I would include more; not only should you help the the manager "come up with the idea on their own" (by building them a connect the dots picture of the solution, acting or saying that you can't quite see the final picture, and allowing them to show you it), give the manager respect and praise over the solution that they "found". Over time, begin to connect the dots yourself (don't take too long), but remember to mention the mentoring of the manager. You become an ally and trusted person, able to see "the bigger picture" without busting egos or appearing pushy. The point here is that you become part of the TEAM that the manager relies on in that case, and can then show your true worth to the organization.
And it doesn't take much time, either, one or two iterations with the manager to have them help guide you to the solution. And who knows, if the manager is truly good themself, they'll show you the flaw in your OWN solutions sometimes, and help you find a better way.

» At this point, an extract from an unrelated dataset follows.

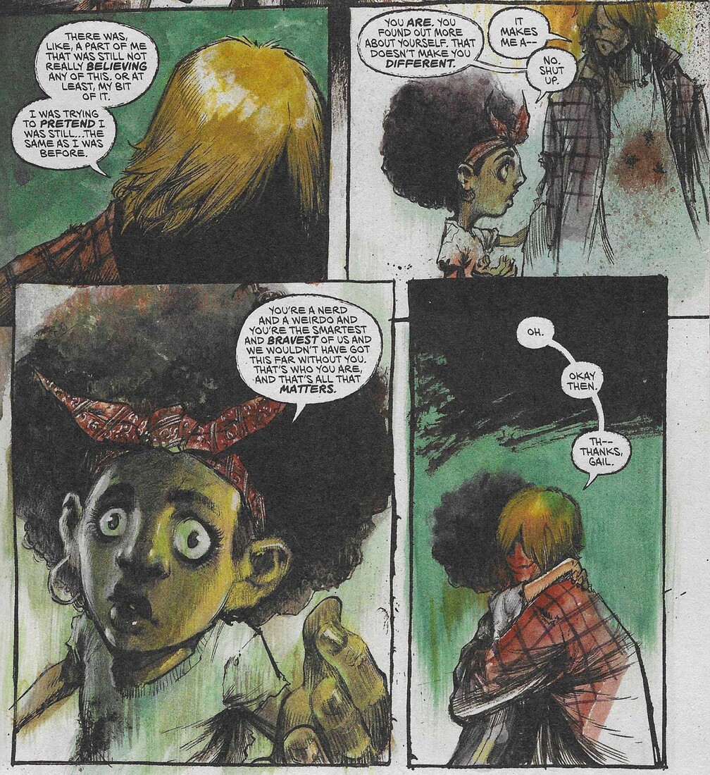 It’s a good hook, and Carey does nice work with it. The vampire hunters are working for a mysterious dude who, when he hears about the deaths, sends a mysterious, super-tough lady to clean things up. Jagger, as she calls herself, is very creepy and efficient, and she is, of course, hiding something from the vampire hunters. Gail finds a number on her mom’s phone that connects her to a dude in Texas, so that’s where they’re going. It turns out he’s a vampire, so the hunters get there first and set a trap, but he convinces them that Jagger and her group are much, much more dangerous than the kids, and perhaps they’d like to defend the children instead of killing them? There’s a lot going on, in other words. Carey does a good job unspooling the story, as the surprises aren’t really that surprising, but he knows how to get to each beat well, with some nice misdirection thrown in that isn’t confusing but does keep us on our toes a bit. The kids don’t know what they are, so they slowly discover what they’re able to do, and it makes the more confident and stronger. Carey does a good job giving each of them interesting personalities, so they play off each other well. Gail and one of the boys, Robert, are a bit older and a bit more mature, while Gail’s sister, Sam, and the other boy, Callum, are a bit younger and wilder.

I don't know how many times that's worked for me... from BOTH directions, which makes it a (slightly dishonest at first) but eventual true win-win. They build trust and respect in you, you build trust in the team (eventually... at first, it's underrespecting, but when you get to the final phase, you'll respect them for the innovation they can bring) and it doesn't step on toes or cross lines.
From the initial report from Toni, though, the manager is not necessarily the same as the HIRING manager, an HR person. Perhaps the manager doesn't actually want another person on their otherwise effective team, especially not a "hot shot". A team that feels they are being unfairly or poorly treated, and then has a "hot shot" hired in and forced on them will resent that person, until they prove their worth or prove to be a team player.